Pictures aside, copy every record word for word.

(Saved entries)
= = = = =

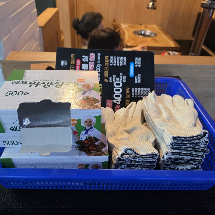 앞치마랑 장갑은 셀프라 편하게 가져다 쓰면 돼요
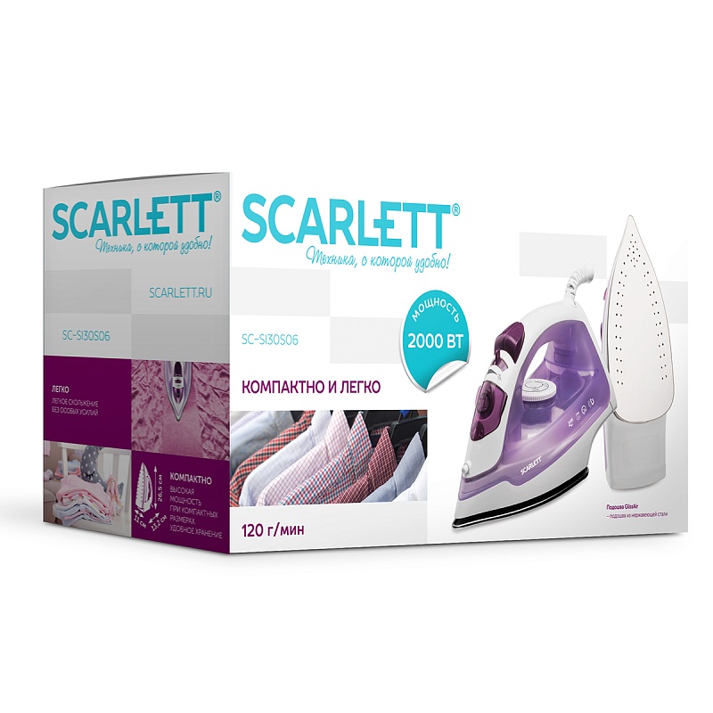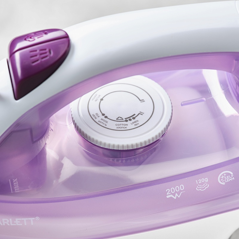 Утюг SCARLETT SC-SI30S06 в стильном лиловом цветовом решении отпаривает различные материалы не только в горизонтальном, но и в вертикальном положении! Этому способствует постоянный пар в 40 г/мин и паровой удар в 120 г/мин. Большее увлажнение тканей осуществляется посредством разбрызгивания мельчайших частиц воды, что обеспечивает равномерную влажность. Утюг также оснащён функцией сухой глажки, что позволит использовать прибор для любых тканей. Кроме того SC-SI30S06 компактен и удобен в путешествиях.
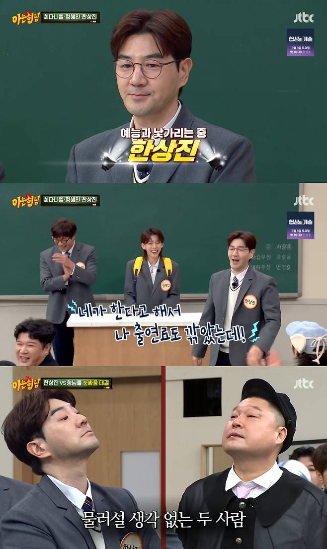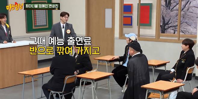 이날 방송에서 교단에 선 한상진은 "아직도 예능만 나오면 어색한 배우 한상진이다"라고 반가운 인사를 전했다. 이때 이수근이 "상진이는 체했냐"라며 긴장감에 하얗게 질린 한상진의 안색을 디스했고, 이에 발끈한 한상진이 최다니엘, 정혜인에게 "기세에 밀리지 마"라며 큰소리를 치는 장면이 이어지며 시작부터 웃음을 안겼다.
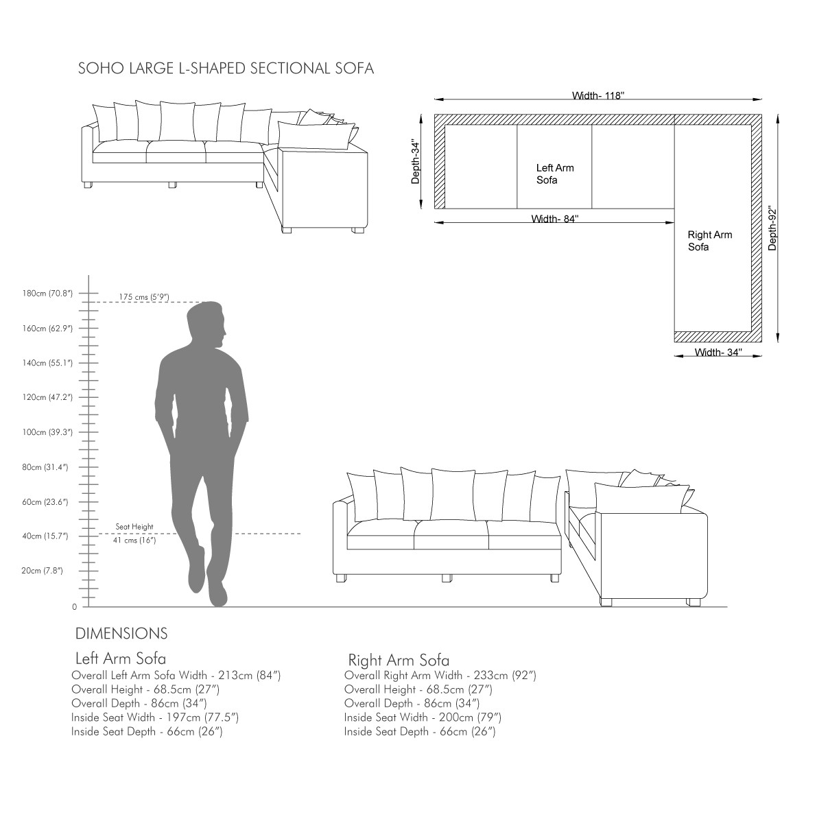 Right Arm Sofa: 233cm W x 86cm D x 68.5cm H(92" W x 34" D x 27" H)
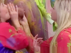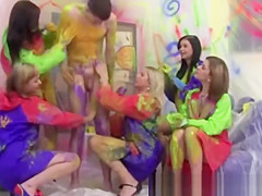 Autumn & Grace & Bianca & Olie & Savannah in real college sex with a group of cute chicks
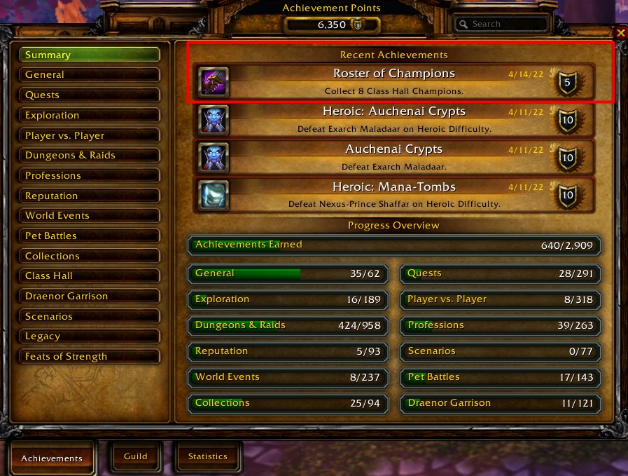 | Description | When you open the Achievements tab, every day you receive a "new" achievement. The achievement is named "Roster of Champions". It sits on the top of the recently earned achievements and the date is the current date of the day, in this case 14.04.22 as of writing this. | ||||
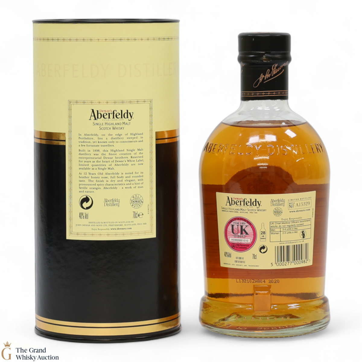 Due to the various ages of bottles and their seals, the condition of liquid is at the buyer's discretion and no claim can be lodged against failure/leakage in transit. Loss and breakage cover is available at 3% of the hammer price as standard. If the lot is not insured, no claim can be lodged against the courier or The Grand Whisky Auction for breakage or loss in transit.
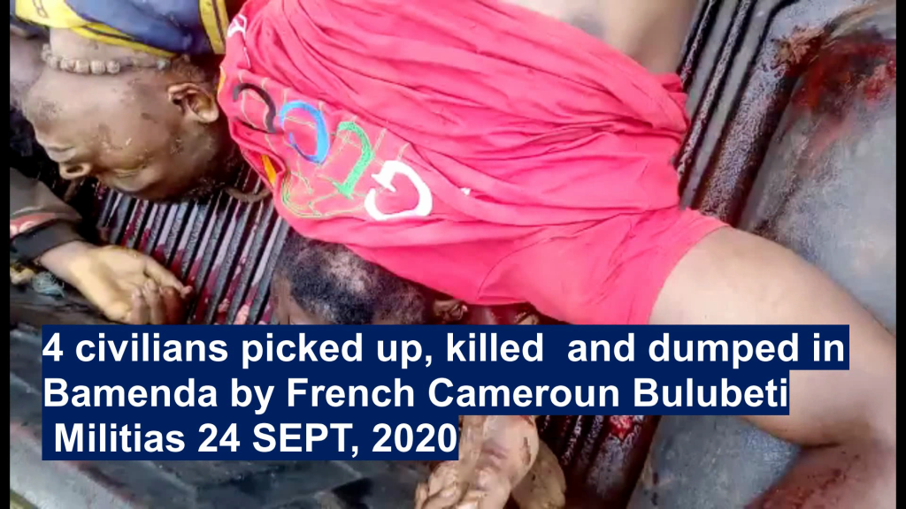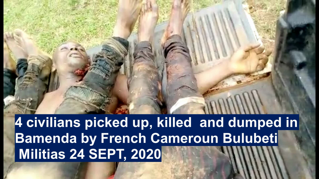 Four Innocent youths picked up, killed and dumped by a river in Bamenda 24 September, 2020: The four were just minding their business as the narrator of the video explains when French Cameroun soldiers arrested/kidnapped them. The next day, their bodies were found near a river. (Video below)
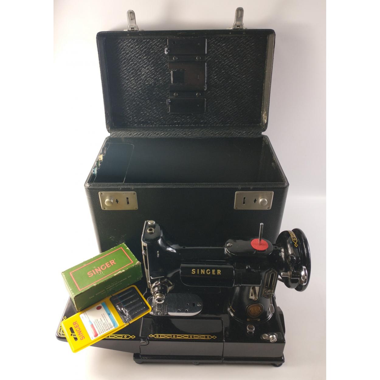 A Brazillian made SINGER sewing machine in hard plastic case. Model n. L47. Case has some damage.
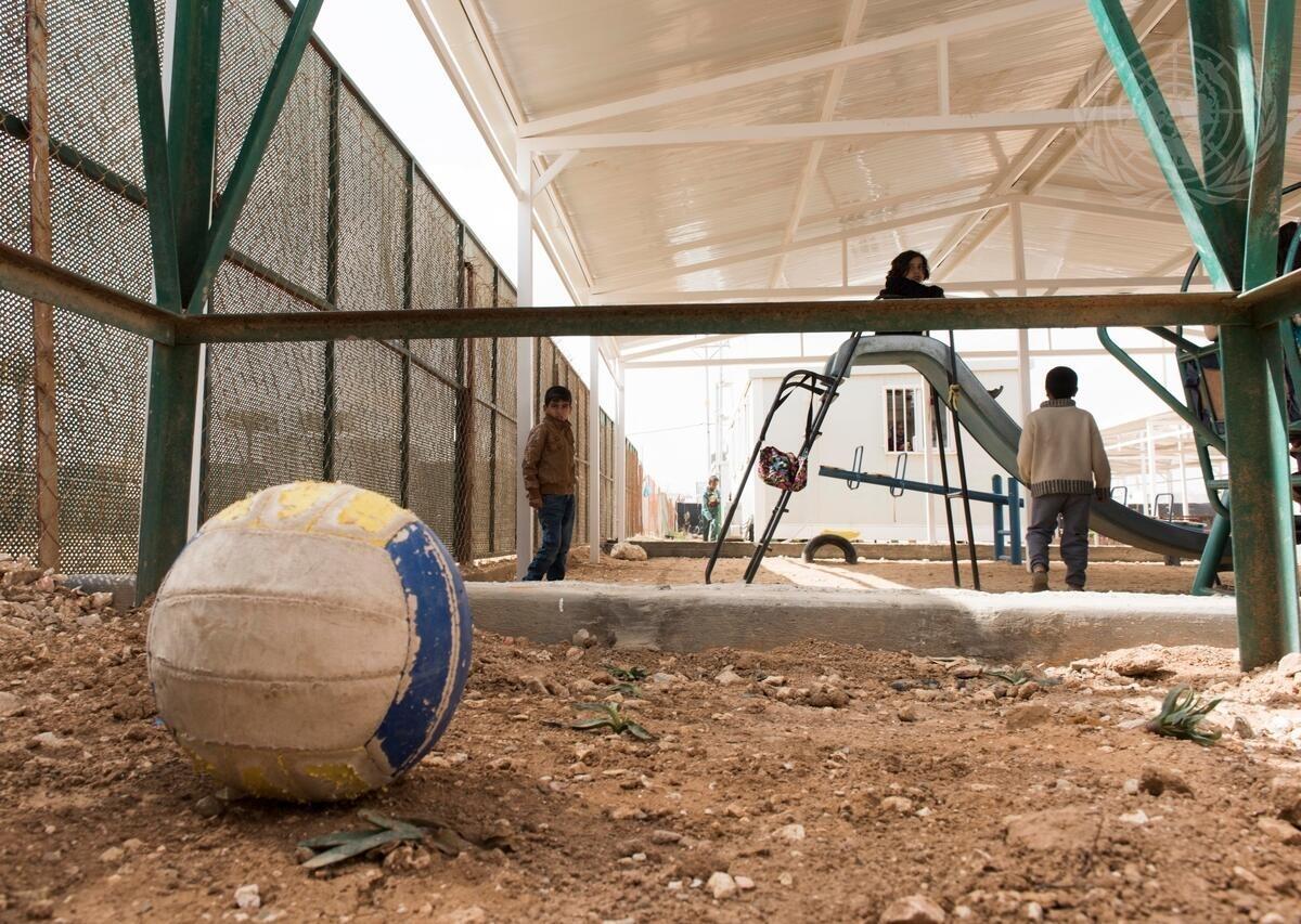 Children play in a covered playground at the Zaatari Refugee Camp, located near Mafraq, Jordan. The settlement has grown to house nearly 80,000 Syrian refugees since it opened in 2012.
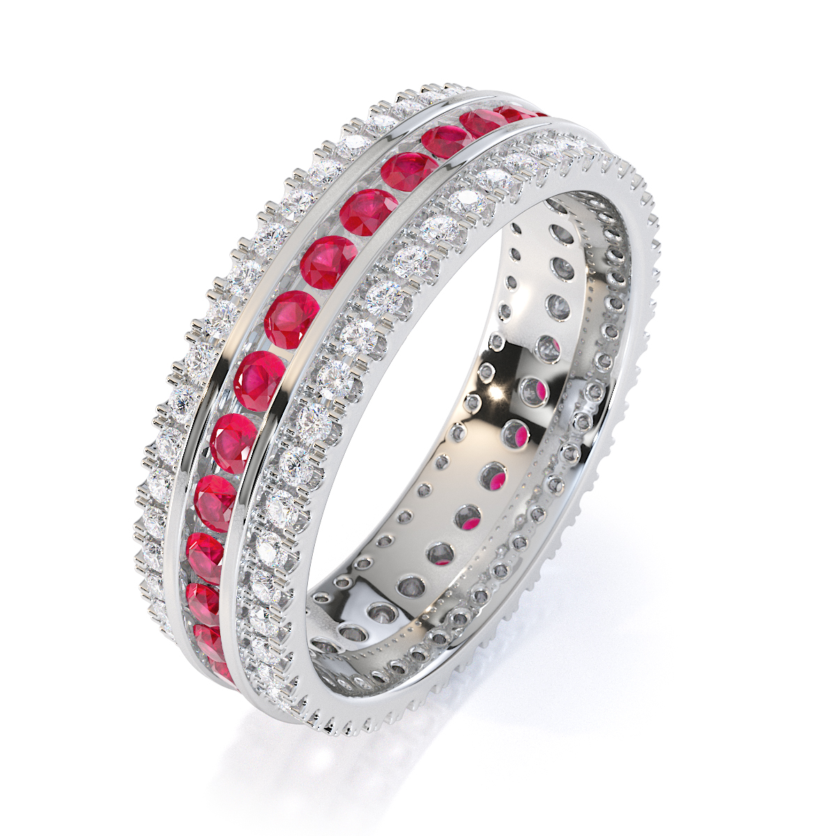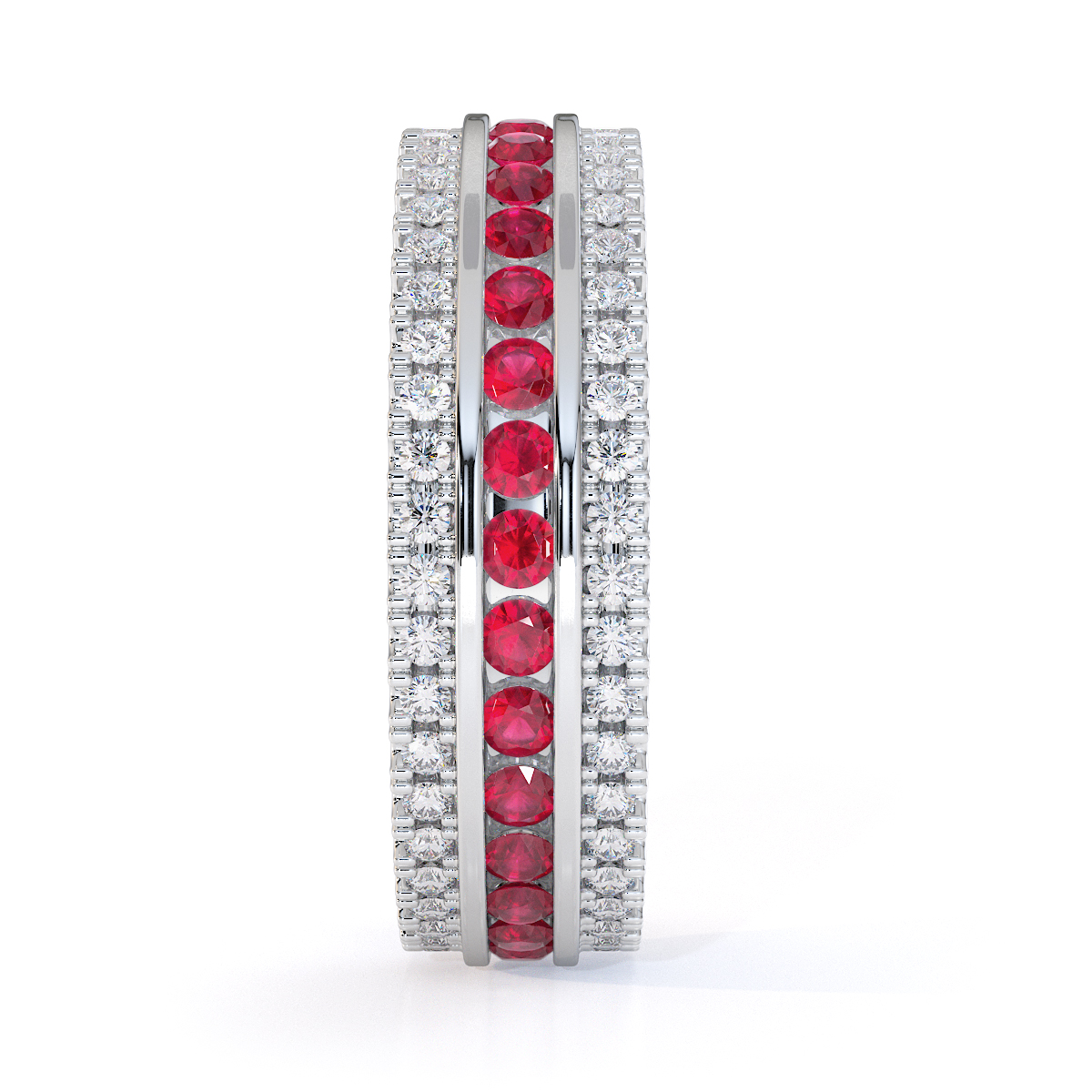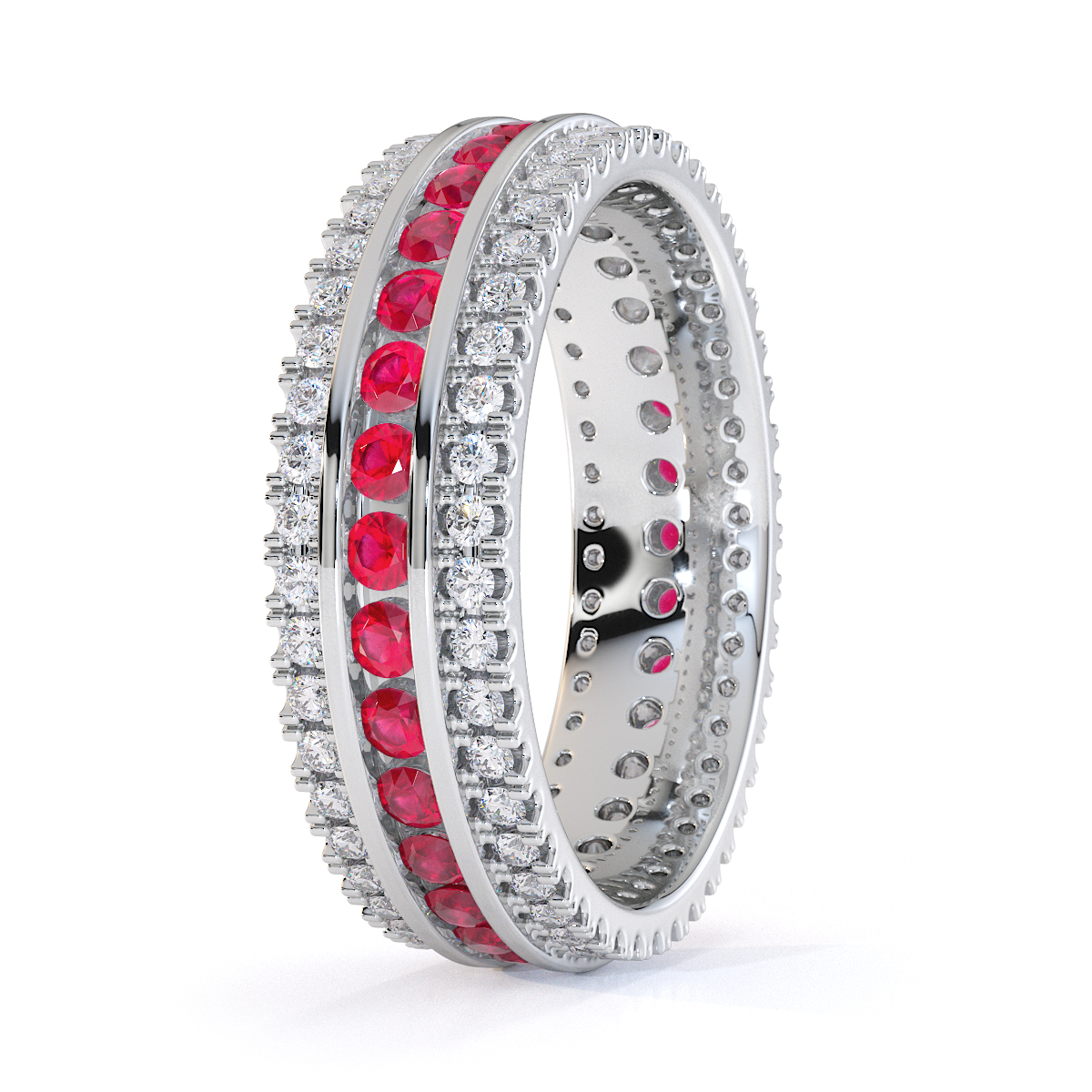 3 Row Channel Set Ruby and Prong Set Diamond Full Eternity Ring 0450

= = = = =

**Solution below**
 앞치마랑 장갑은 셀프라 편하게 가져다 쓰면 돼요
 Утюг SCARLETT SC-SI30S06 в стильном лиловом цветовом решении отпаривает различные материалы не только в горизонтальном, но и в вертикальном положении! Этому способствует постоянный пар в 40 г/мин и паровой удар в 120 г/мин. Большее увлажнение тканей осуществляется посредством разбрызгивания мельчайших частиц воды, что обеспечивает равномерную влажность. Утюг также оснащён функцией сухой глажки, что позволит использовать прибор для любых тканей. Кроме того SC-SI30S06 компактен и удобен в путешествиях.
 이날 방송에서 교단에 선 한상진은 "아직도 예능만 나오면 어색한 배우 한상진이다"라고 반가운 인사를 전했다. 이때 이수근이 "상진이는 체했냐"라며 긴장감에 하얗게 질린 한상진의 안색을 디스했고, 이에 발끈한 한상진이 최다니엘, 정혜인에게 "기세에 밀리지 마"라며 큰소리를 치는 장면이 이어지며 시작부터 웃음을 안겼다.
 Right Arm Sofa: 233cm W x 86cm D x 68.5cm H(92" W x 34" D x 27" H)
 Autumn & Grace & Bianca & Olie & Savannah in real college sex with a group of cute chicks
 | Description | When you open the Achievements tab, every day you receive a "new" achievement. The achievement is named "Roster of Champions". It sits on the top of the recently earned achievements and the date is the current date of the day, in this case 14.04.22 as of writing this. | ||||
 Due to the various ages of bottles and their seals, the condition of liquid is at the buyer's discretion and no claim can be lodged against failure/leakage in transit. Loss and breakage cover is available at 3% of the hammer price as standard. If the lot is not insured, no claim can be lodged against the courier or The Grand Whisky Auction for breakage or loss in transit.
 Four Innocent youths picked up, killed and dumped by a river in Bamenda 24 September, 2020: The four were just minding their business as the narrator of the video explains when French Cameroun soldiers arrested/kidnapped them. The next day, their bodies were found near a river. (Video below)
 A Brazillian made SINGER sewing machine in hard plastic case. Model n. L47. Case has some damage.
 Children play in a covered playground at the Zaatari Refugee Camp, located near Mafraq, Jordan. The settlement has grown to house nearly 80,000 Syrian refugees since it opened in 2012.
 3 Row Channel Set Ruby and Prong Set Diamond Full Eternity Ring 0450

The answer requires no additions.